Synopsis : Quatre jeunes filles à quatre époques différentes. Alma, Erika, Angelika et Lenka passent leur adolescence dans la même ferme, au nord de l’Allemagne. Alors que la maison se transforme au fil du siècle, les échos du passé résonnent entre ses murs. Malgré les années qui les séparent, leurs vies semblent se répondre.

UNE EXPÉRIENCE DE CINÉMA
NOTRE AVIS SUR SOUND OF FALLING
Beaucoup de films ont radicalement clivé dans les rangs des spectateurs du dernier festival de Cannes. Comme le Resurrection du chinois Bi Gan ou le Alpha de Julia Ducorneau. À la liste, on peut rajouter Sound of Falling de l’allemande Mascha Schilinski. Un film étrange, long, fractionné, mystérieux. Récompensé d’un (inattendu) prix du jury partagé avec Sirat, Sound of Falling (rebaptisé Les Échos du Passé chez nous) dresse les portraits de quatre jeunes filles à quatre époques différentes, avec comme point commun, un même lieu de vie. En l’occurrence, une ferme isolée dans la campagne allemande. Au fil des générations qui se succèdent, les murs de cette immense bâtisse vont abriter des vies malmenées, des drames, des tragédies, des secrets et des cicatrices indélébiles. Elles vont en habiter les murs séculaires.

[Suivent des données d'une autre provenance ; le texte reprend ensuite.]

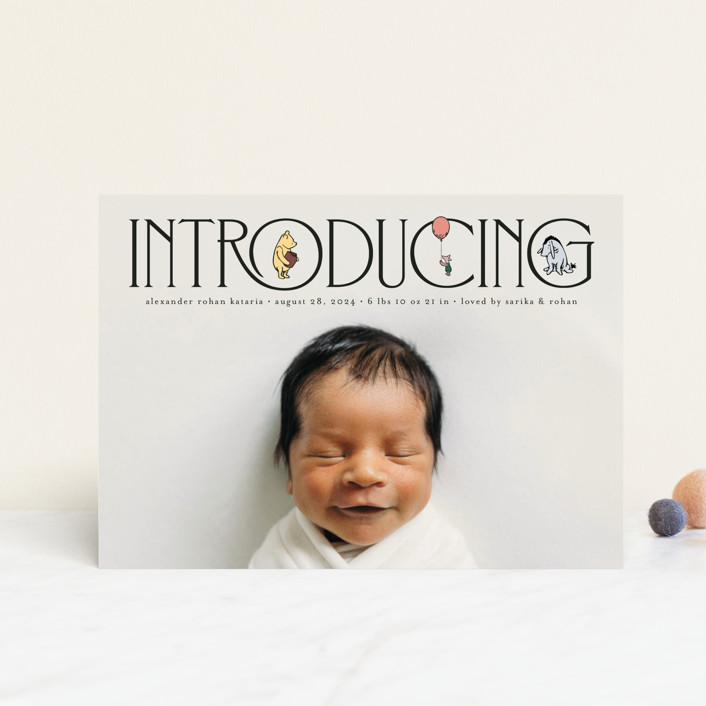 This cute Disney birth announcement features a full bleed photo and modern typography. Illustrations of Winnie the Pooh, Piglet and Eeyore introduce your new arrival and makes the photo the center of the story.

Sound of Falling / Les Échos du Passé avait ouvert la compétition 2025 et franchement, on peut avouer que ce n’était pas un cadeau fait ni aux festivaliers ni au film lui-même. Un film allemand de 2h30 à l’atmosphère morbide et qui n’hésitait pas à frayer avec l’expérimentalisme et la radicalité absolue… Cannes ne démarrait pas dans la légèreté et la facilité. C’est sans ménagement aucun que Mascha Schilinski nous plonge dans son œuvre aussi sur-élaborée que bizarre. Dès les premières images, la cinéaste témoigne d’une volonté assumée de différence jusqu’au-boutiste. Elle affiche un grain d’image très appuyé et presque volontairement salissant, elle joue avec les sensations sonores, les ruptures ou avec un silence presque effrayant, elle flirte à la lisière du drame et d’une sensation d’épouvante contenue, elle déploie un univers quelque part entre le mysticisme étrange, le drame lourd comme la pierre et la morbidité malaisante, elle va ensuite fractionner son univers sur plusieurs époques sans jamais respecter une quelconque linéarité temporelle… Définitivement, Les Échos du Passé est une œuvre à la personnalité aussi singulière qu’affirmée, face à laquelle le spectateur, bousculé en profondeur, peine à savoir où se placer. Affronte t-il un douloureux effort artistique pompeux ou au contraire, est-il confronté à une oeuvre grandiose qui cherche à bouger les lignes du conventionnel au nom de l’audace artistique ? Est-on poussé manu militari contre les parois d’un chef-d’œuvre vertigineux ? Ce qui est sur, c’est que Les Échos du Passé est un long métrage indéniablement mal-aimable autant qu’il est indéniablement porteur d’une intention de cinéma débordante.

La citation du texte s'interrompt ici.